▶ [What the task requires]: Going through the material below, output exactly the lines from the one containing "CHICCO Mlieko jemné" through the one containing "- Protein Energy", and no pictures.

▶ [Provided data]:
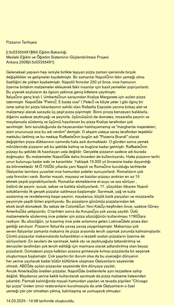 ve böyle yeter ) gibi ilginç bir isme sahip bir pizza lokantasının sahibi olan Rafaella Esposito yanına birkaç alet ve malzemeyi alarak sarayda üç çeşit pizza pişirmiştir. Birini çiroza benzeyen balıklarla, diğerini sadece zeytinyağı ve peynirle, üçüncüsünü de domates, mozarella peyniri ve maydanozla süslemiş ve üçüncü hazırlanan bu pizza Kraliçe tarafından çok sevilmiştir. İsmi sorulduğunda da heyecandan hatırlayamamış ve "margherita majesteleri, sizin onurunuza ona bu adı verdim" demiştir. O akşam ustaya saray tarafından teşekkür mektubu iletilmiş ve bu mektup Raffaelenin bugün adı "Pizzeria Brandi" olarak değiştirilen pizza dükkanının camında hala asılı durmaktadır. O günden sonra yemek mönülerinde pizzanın adı bu şekilde kalmış ve bugüne kadar gelmiştir. Raffaelenin pizzayı bu şekilde ilk hazırlayan usta değildir. Gerçekte pizzanın sadece adı burada doğmuştur. Bu malzemeler Napolide daha önceden de kullanılıyordu. Hatta pizzanın tarihi unun bulunuşu kadar eski ve karanlıktır. Yaklaşık 15.000 yıl öncesine kadar dayandığı da bilinmektedir. M.Ö 700lü yıllarda yani Napoli ve Romanın kurulduğu tarihlerde Ġtalyanlar tanrılara yuvarlak ince hamurdan pideler sunuyorlardı. Romalıların çok usta fırıncıları vardı. Bunlar mayalı, mayasız ve bazıları pizzayı andıran en az 15 ekmek çeşidi pişirebiliyorlardı. Romalılar ekmeklerine et suyu ve sos sürüyor , üstünü de peynir, sucuk, sebze ve balıkla süslüyorlardı. 17. yüzyıldan itibaren Napoli sokaklarında ilk gerçek pizzalar satılmaya başlamıştır. Sarımsak, yağ ve tuzla soslanmış ve rendelenmiş kaşar peyniri, maydanoz, küçük balık parçaları ve mozzarella peyniriyle çeşitli türleri pişiriliyordu. Bu pizzaların günümüz pizzalarından tek eksik tarafı domatesti. Bu sebze de Colombun Yeni Kıtayı keşfinden önce, sadece Güney Amerikada yetişiyordu. O tarihten sonra da Avrupaya çok yavaş yayıldı. Üstü malzemelerle süslenmiş ince pideler için pizza sözcüğünün kullanılması 1790lara rastlıyor. Bu sözcüğün, iyi kızarmış ince pide anlamına gelen Latincedeki picea dan geldiği sanılıyor. Pizzanın İtalya'da yavaş yavaş yaygınlaşmıştır. Makarnayı çok seven İtalyanlar zamanla makarna ile pizza arasında tercih yapmak zorunda kalmamışlardır. Çünkü pizzacılar makarnalarda kullandıkları o lezzetli sosları pizzaların üzerine de sürüyorlardı. En sevileni de sarımsak, kekik otu ve zeytinyağıyla tatlandırılmış ve denizciler tarafından çok tercih edildiği için marinara olarak adlandırılmış olan beyaz pizzalardı. Domatesin pizza katkıları arasına girmesiyle kırmızı pizzalarda bir seçenek oluşturmaya başlamıştır. Çok şaşırtıcı bir durum olsa da bu yiyeceğin dünyanın her yerine yayılacak kadar bütün kültürlere ulaşması Ġtalyanların sayesinde olmadı. ABDde açılan pizzacılar sayesinde tüm dünyaya yayıldı.
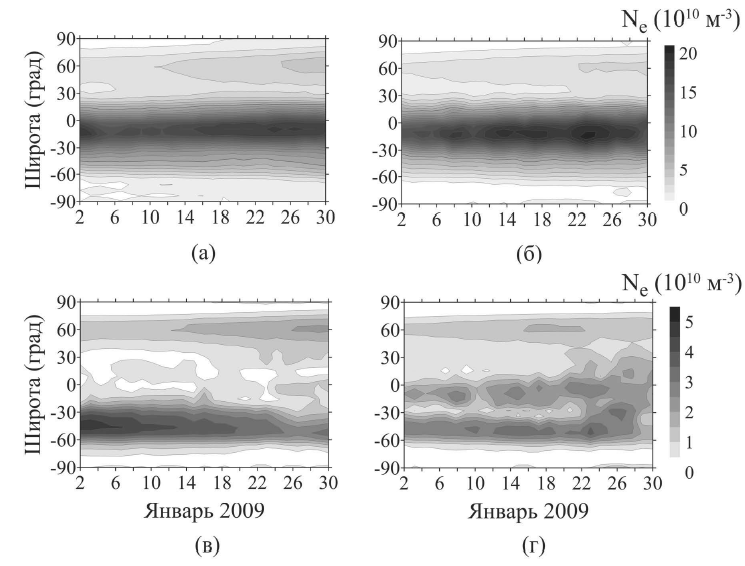 Динамика амплитуды полусуточной компоненты вариаций электронной концентрации существенно разнится в разных версиях модели. В EAGLE-80 по мере развития потепления амплитуда вариаций этой компоненты электронной концентрации в южном полушарии на средних широтах плавно убывает, достигая локального минимума 26 января, тогда как в средних широтах северного полушария отмечается повышение амплитуды (рис. 6в). В случае EAGLE-120 имеет место небольшой рост амплитуды приливных компонент вариаций электронной концентрации в южном полушарии, максимум которых достигается также как и в северном полушарии вблизи максимума ВСП. Важно отметить наличие и усиление полусуточной приливной вариации в приэкваториальной области в версии модели EAGLE-120 (рис. 6г). Это говорит о том, что модель EAGLE-120 воспроизводит значительное усиление полусуточной компоненты вариаций электронной концентрации в приэкваториальной области в период ВСП 2009 г., отмечавшееся как в наблюдениях, так и в результатах моделирования [8, 29].
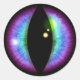Olhos grandes, azuis e roxos, com pupilas cortadas.
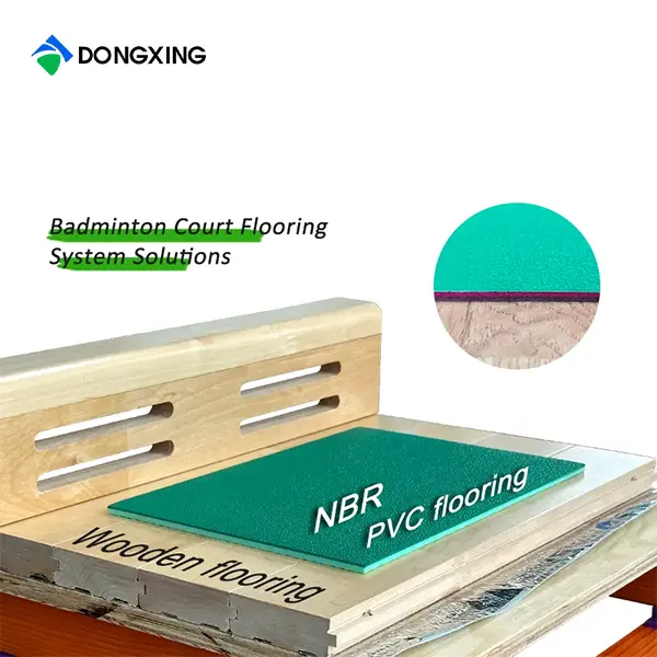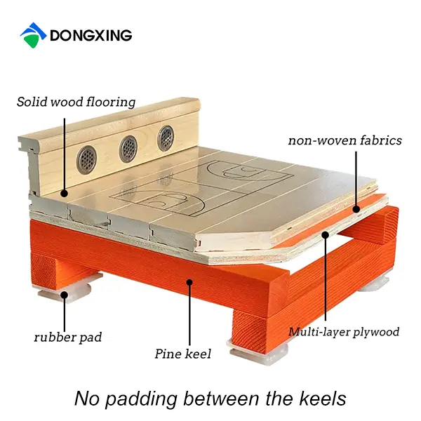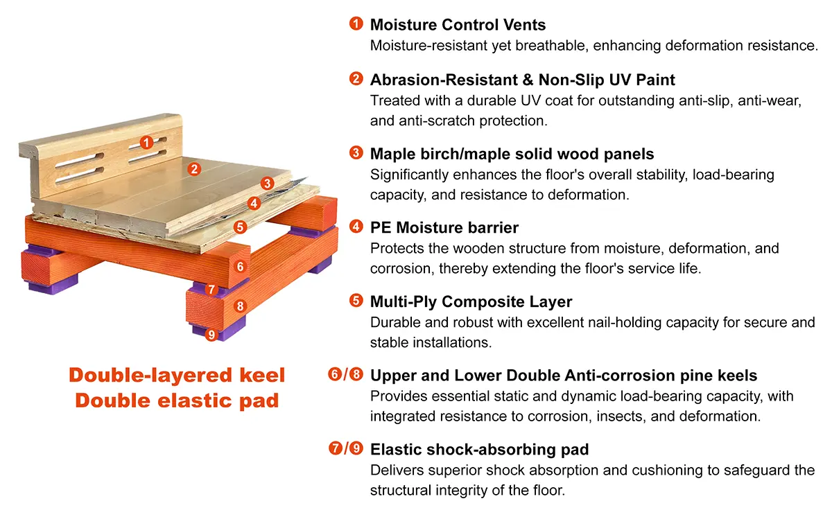 Double-Layer Joist: Pine solid wood joists with high-density rubber/EPDM cushioning pads laid continuously on two layers, achieving 360° all-around shock absorption.
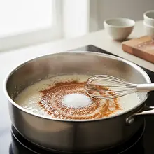 Przygotuj mokrą bazę. W małym rondelku umieść olej kokosowy, erytrytol, cynamon i sól. Podgrzewaj na małej mocy palnika, mieszając ciągle małą trzepaczką lub łyżką, aż olej kokosowy całkowicie się rozpuści, a erytrytol rozpuści się i połączy z olejem. Mieszanina powinna być płynna i pachnąca. Jeśli używasz opcjonalnego ekstraktu waniliowego, dodaj go na samym końcu, po zdjęciu rondelka z ognia i wymieszaj.
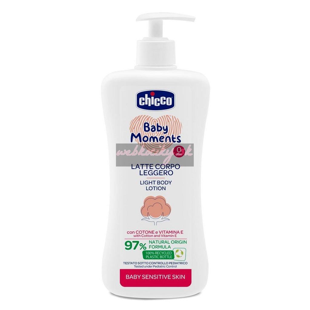 CHICCO Mlieko jemné telové s dávkovačom Baby Moments Sensitive 97 % prírodných zložiek 500 ml
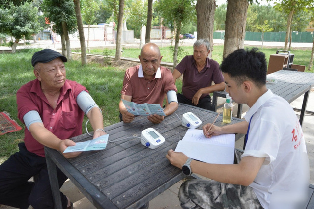 圖為“輕‘脂’為綱,‘慢’減興疆”實(shí)踐團(tuán)成員走進(jìn)社區(qū)為中老年人量血壓
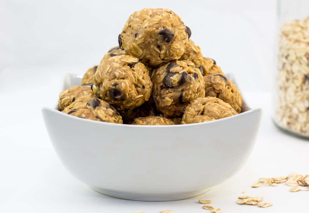 - Protein Energy Balls (1 1/2 cups rolled oats, 1/2 cup vanilla protein powder, 1/2 tsp cinnamon, 1 T chia seeds, 1/2 cup smooth natural peanut butter, 3 T natural honey, 1 tsp vanilla extract, 1/3 cup raisins or chocolate chips, 3 T almond milk)
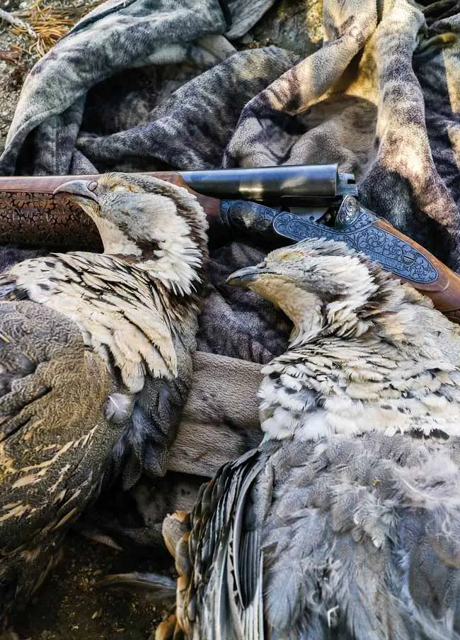As October neared its end, my urge to travel came to a boil. Nice weather prompted me to head to Nevada for Himalayan snowcock. Plenty of sunshine and daily temps in the 40s and 50s up in the thin air were stark contrasts to 2018, when winter had showed up early. I spent the week focused on snowcock, blue grouse, fly-fishing and relaxation. My mood soared. Not even a sock failure and corresponding blister on day one could dampen my spirits. Of course, taking a pair of Himalayans that same day helped. Two superb dinners allowed me to resume hunting once my foot healed and after a lazy day of fishing for brook, rainbow and tiger trout. I was unable to take another snowcock before being joined by Travis Warren and Jay Beyer toward the end of the week.
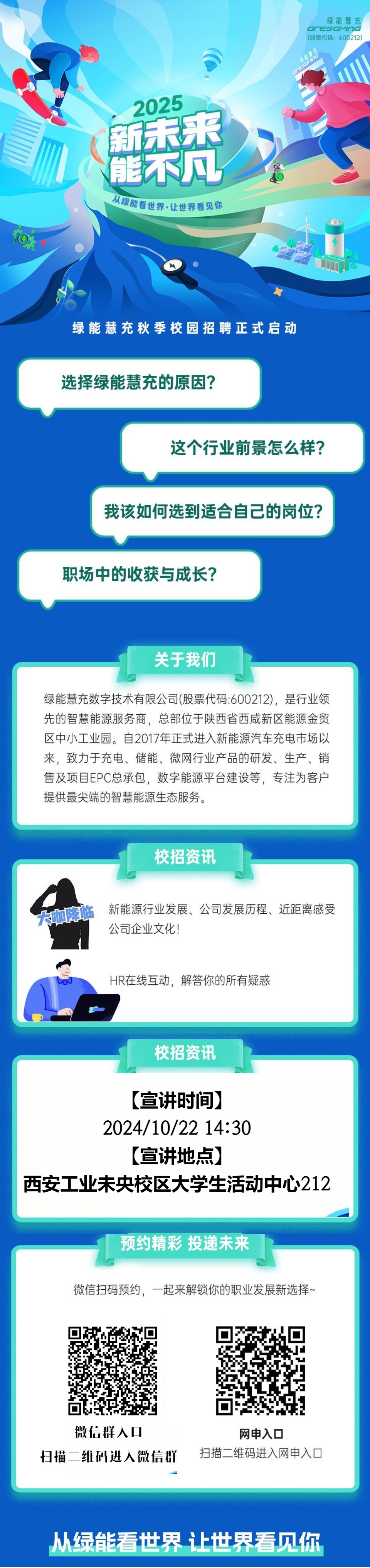 绿能慧充数字技术有限公司-太阳成集团tyc122ccvip【专场宣讲会】来啦!🤔你想知道的:新能源行业现状、面试技巧…这里都有!陕西本土企业,上市公司!同学们可以多多关注~【宣讲时间】10月22日(周二) 14:30【宣讲地点】太阳成集团tyc122ccvip未央校区 老员工活动中心212 👇🏻扫码加入微信群,了解更多咨询
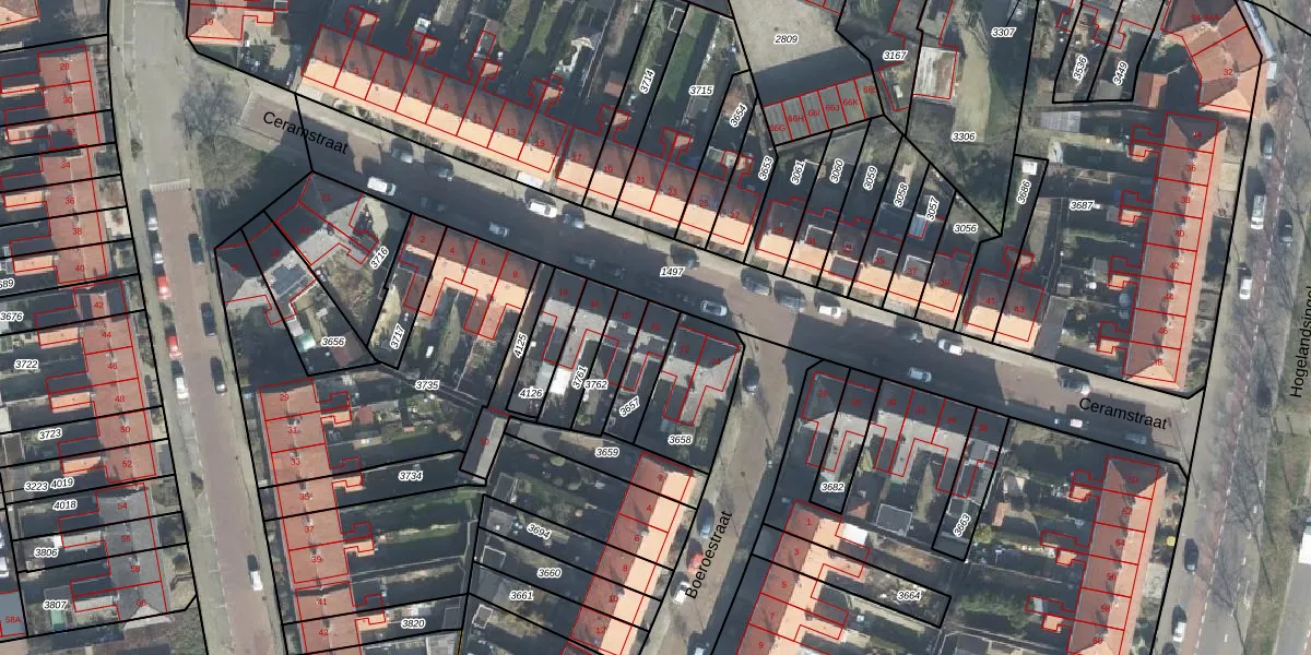 Het perceel waarop Ceramstraat 20 staat heeft een oppervlakte van 108 m². Dit is een middelgroot perceel. De perceeloppervlakte wordt geregistreerd door het Kadaster. Gedetailleerde informatie over de maten van dit perceel kunt u vinden in het rapport Kadastrale kaart met maatvoering van Ceramstraat 20.
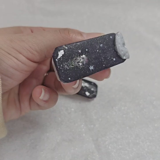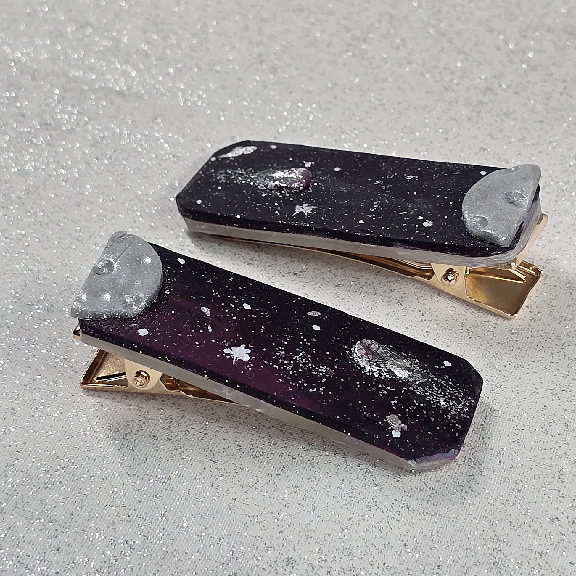 Unleash your inner galaxy with our Handmade Cosmic Hairclips! Made of polymer clay and infused with glitter, sparkle and cosmic magic, these clips will add a touch of whimsy to any hairstyle. Perfect for any playful and fun-loving fashionista!

▶ [Solution for this exercise]:
 CHICCO Mlieko jemné telové s dávkovačom Baby Moments Sensitive 97 % prírodných zložiek 500 ml
 圖為“輕‘脂’為綱,‘慢’減興疆”實(shí)踐團(tuán)成員走進(jìn)社區(qū)為中老年人量血壓
 - Protein Energy Balls (1 1/2 cups rolled oats, 1/2 cup vanilla protein powder, 1/2 tsp cinnamon, 1 T chia seeds, 1/2 cup smooth natural peanut butter, 3 T natural honey, 1 tsp vanilla extract, 1/3 cup raisins or chocolate chips, 3 T almond milk)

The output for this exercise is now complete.